В то же время царь быстро приобретал властные привычки. Обыкновенно он выслушивал мнения других и оставлял всех в неведении относительно решения, которое собирался принять, до следующего заседания, где оно уже не подлежало обсуждению. Если кто-нибудь все-таки пытался оспорить его, Александр проявлял чрезвычайное упорство. «Вступив в спор с императором, – вспоминал Строганов, – следовало опасаться, чтобы он не заупрямился, и благоразумнее было отложить возражения до следующего случая». Но царь проявлял уступчивость лишь в вопросах внутреннего управления; в делах внешней политики Александр был непоколебим. Чарторийский в свою очередь отмечал еще одну его особенность: «Те, кто побуждал императора принять немедленно энергические меры, мало знали его. Такие настояния всегда вызывали в нем стремление отступить, поэтому они были совершенно нецелесообразны и только могли колебать его доверие».

В последнем замечании сказывается прежде всего характер самого царя, но были тут и посторонние влияния, призывавшие его к осторожности.

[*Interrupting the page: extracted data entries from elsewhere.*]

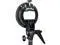 Glow Speedlite Bracket for Elinchrom The Glow Shoe Mount S-Type Flash Bracket is the mobile solution for adapting any type of speedlight or barebulb on camera strobe to create flattering, soft and rich softbox quality. The bracket serve many purposes, accepting the full line ofElinchrom type light modifiers to enhance your flash's dexterity. By adding the Glow 4 Speedlite Adapter Mount to the S-Type Flash Bracket you can mount up to 4 speedlites simultaneously to achieve exceptionally high light output on the center axis, securely and precisely. Transform your speedlight and barebulb strobes into a snooted hair light, a texture enhancing beauty dish or even a gridded spot - wherever you want to give your speedlight a new light life! Your portable flash attaches to the assembly and accommodates almost all brands of flashes.
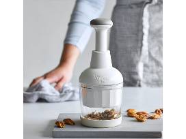 - Food Chopper - One of our most popular kitchen tools, the Food Chopper makes quick work of chopping veggies, cooked meat, and nuts in seconds. It's the solution to tear-free onion chopping! It's equipped with a unique stainless steel blade that rotates with each press of the plunger for consistent results. The more you press the plunger, the finer the chop.
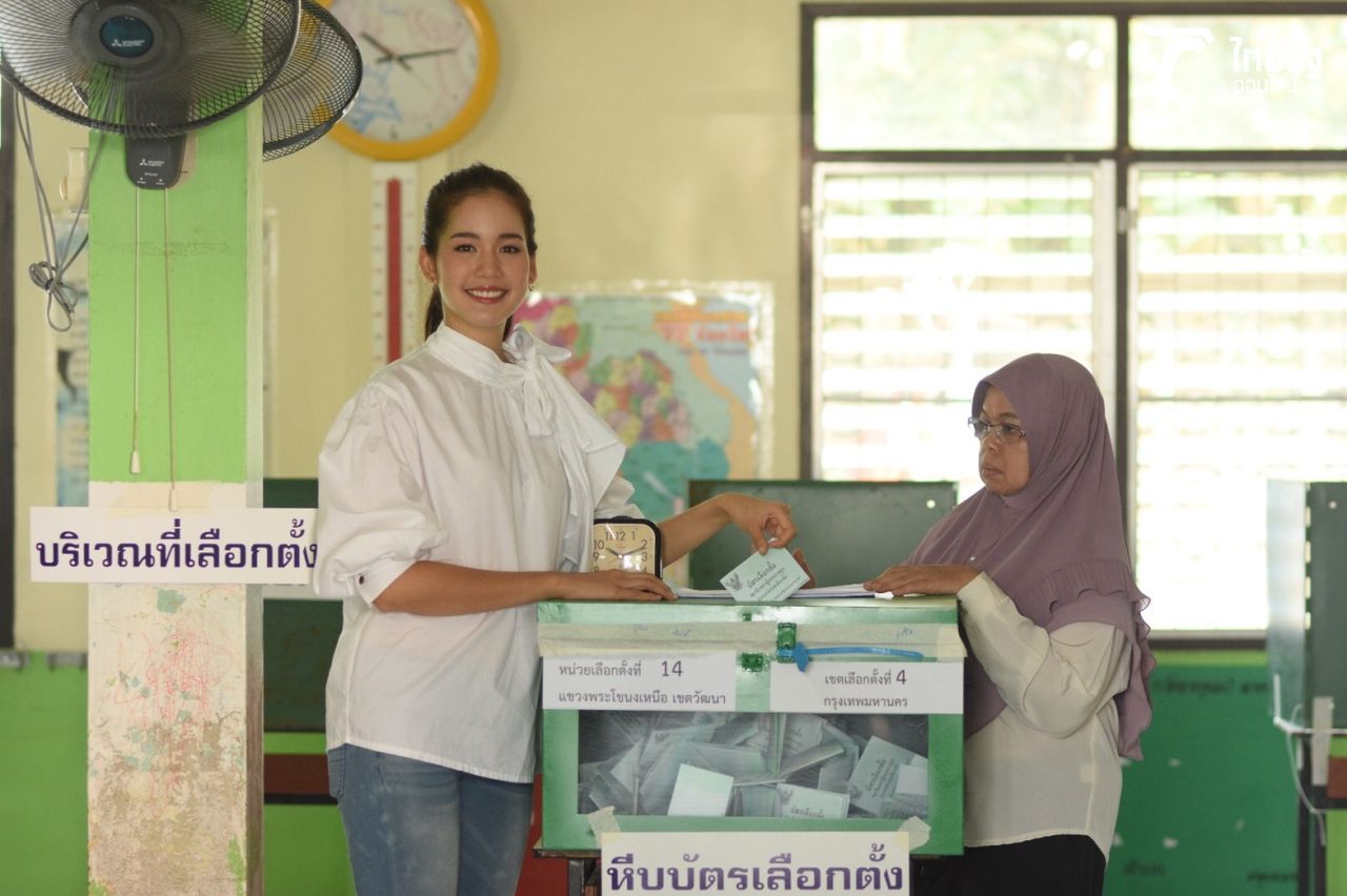 “วันนี้นะคะการเลือกตั้งในวันที่ 24 มีนาคมจนถึงเวลา 5 โมงเย็นก็อยากให้ทุกคนมาใช้สิทธิ์กันอย่านอนหลับทับสิทธิ์นะคะ เพราะเป็นสิ่งสำคัญอย่างหนึ่งในชีวิตเราเหมือนกันนะคะ เพราะว่าเป็นอนาคตของพวกเราค่ะ”
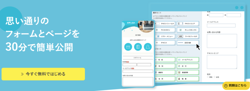 フォームツールとは、お問い合わせや応募などの際に使われる『フォーム』の機能を簡単に作成できるツールです。
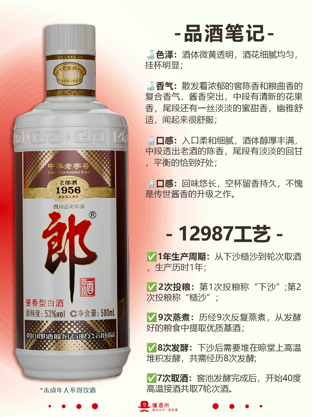 🍶1898年邓惠川在二郎创办絮志酒厂,后在原“凤曲法酒”的基础上酿造出一种“开坛喷香、入口呈酱”的酱香型美酒,以工艺命名为“回沙郎酒”。
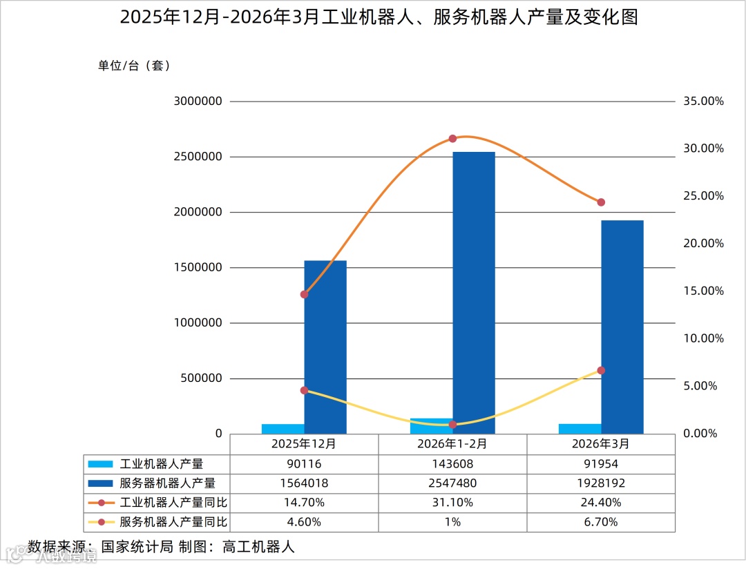 3月,工业机器人产量9.2万套,同比增长24.4%;服务机器人产量192.82万套,同比增长6.7%。
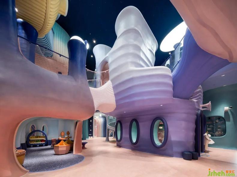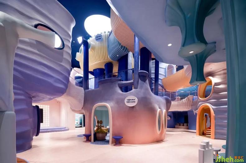 樂園設計抽象出珊瑚的形態(tài),再重構為一座座爛漫的珊瑚房子,彼此連結,簇集為千姿百態(tài)的珊瑚礁樂園。天花板上的夜空星光安靜灑落,珊瑚悄然呈現(xiàn)著夕陽余暉下漸變的多彩。高約十米的模擬城下,設計師打造出一場屬于深海的神秘盛會,孩子們沿著流暢的動線穿梭于立體層次豐富的模擬城,如一只只漂浮在珊瑚礁中的小魚,探索眼前應接不暇的新奇風光,體悟海洋作為生命搖籃的偉大。
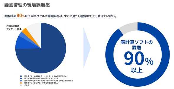 企業における経営管理の実態は、いまだに手作業とExcelが主流だ。マネーフォワードの調査によると、顧客企業の90%以上がExcelでの管理に課題を抱えており、必要な数値にすぐにたどり着けていない状況が明らかになっている。予算策定から経営分析、予実管理まで、多くの企業がExcelで対応している。M&Aの増加やグループ経営の進展によって、より高度な経営管理へのニーズが高まっているが、システム化が追いついていないのが現状だ。
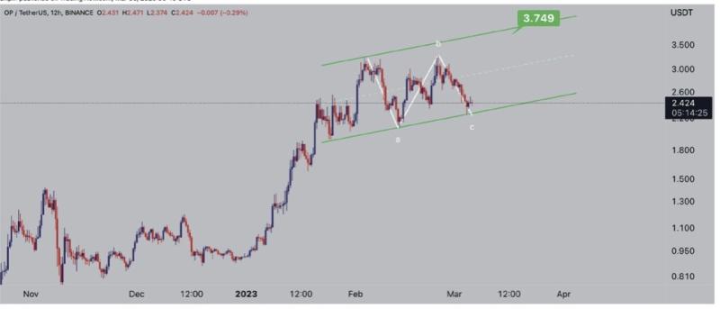 ارز OP در تایم فریم ۱۲ ساعته را در یک کانال مشاهده میکنیم که در حال حاضر در کف این کانال، قرار گرفته است. علاوه بر کانال فعلی، یک الگوی فلت هم دیده میشود و از همین محدوده، به احتمال زیاد، شاهد آغاز روند صعودی باشیم. در صورت رشد این ارز، تارگت اولیه محدوده ۳.۷ دلار است و بعد از شکست این محدوده، ما انتظار اهداف بالاتری را می توانیم داشته باشیم.
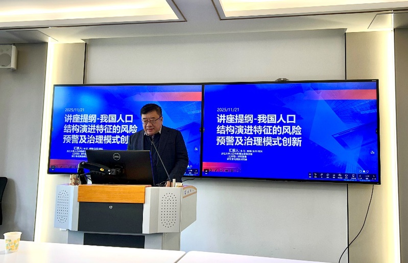 2025年11月21日下午,浙江大学公共管理学院米红教授在河海大学江宁校区厚学楼210教室为公共管理学院师生带来一场主题为《我国人口结构演进特征的风险预警及治理模式创新》的学术报告。讲座由社会保障系主任陈际华教授主持,韩振燕教授、张鑫教授、王欢副教授、于萌副教授、王锴、李新恒等老师以及学院各专业本科生、硕士生共同参与了学习。

В августе в Петербург приехал Лагарп.

Это был уже не прежний идеалист-теоретик, а политик, причем политик неудавшийся, что отразилось на его воззрениях. Повторяя из приличия старый припев о свободе и равенстве, он с негодованием выступал против призрачной свободы народного представительства и видел благо в разумном, просвещенном самодержавии, охраняющем страну от гибельной игры раздраженных самолюбий и сумасбродных идей, рядящихся в мантию либерализма.

Александр с удовольствием возобновил эту идиллическую дружбу. Когда жена Лагарпа сказала ему, что в Париже все без ума от молодого русского царя, Александр, приятно покраснев, скромно ответил:

– Если во мне есть что-либо, заслуживающее расположения, то кому я этим обязан, как не вашему мужу? Если бы не было Лагарпа, не было бы и Александра.

Государь посещал свергнутого диктатора два раза в неделю, но поскольку из-за обилия дел никогда не мог заранее назначить день и час, то Лагарп не выходил из дома, в ожидании визита. Часто Александр заставал его еще в халате. В их отношениях царь продолжал выдерживать роль молодого воспитанника, благоговеющего перед старым наставником. Лагарп был польщен и говорил без умолку.

– Я не поздравляю вас с тем, что вы сделались властителем тридцати шести миллионов подобных себе людей, – ораторствовал он, – но я радуюсь, что судьба их отныне в руках монарха, который убежден, что права человека – не пустой призрак, и что глава народа есть его первый слуга. Вам предстоит теперь применить на деле те начала, которые вы признаете истинными. Я воздержусь давать вам советы, но есть один, мудрость которого я уразумел в несчастные восемнадцать месяцев, когда я был призван управлять страной. Он состоит в том, чтобы в течение некоторого времени не останавливать обычного хода администрации, не выбивать ее из давней колеи, а внимательно следить за ходом дел, избегая скоропостижности и насильственности реформ. Искренне желаю, чтобы человеколюбивый Александр занял видное место в летописях мира, между благодетелями рода человеческого и защитниками начал истины и добра.

Он предостерегал Александра от либеральных увлечений, убеждал дорожить своей властью, видоизменять ее постепенно, без крика и шума народных собраний, и указывал на пример Пруссии, открывшей тайну, как соединить абсолютизм с законностью и правосудием.

Касаясь 11 марта, Лагарп был настолько наивен, что имел претензию думать, будто первый открыл своему воспитаннику суть дела. Он с жаром доказывал, что виновных надо искать среди высокопоставленных особ и что их следует немедленно привлечь к суду. Александр смущенно отвечал, что это совершенно невозможно при нынешнем состоянии умов, волнуемых слухами о реформах, и ввиду сильной аристократической партии, привыкшей к дворцовым переворотам и опирающейся на гвардию.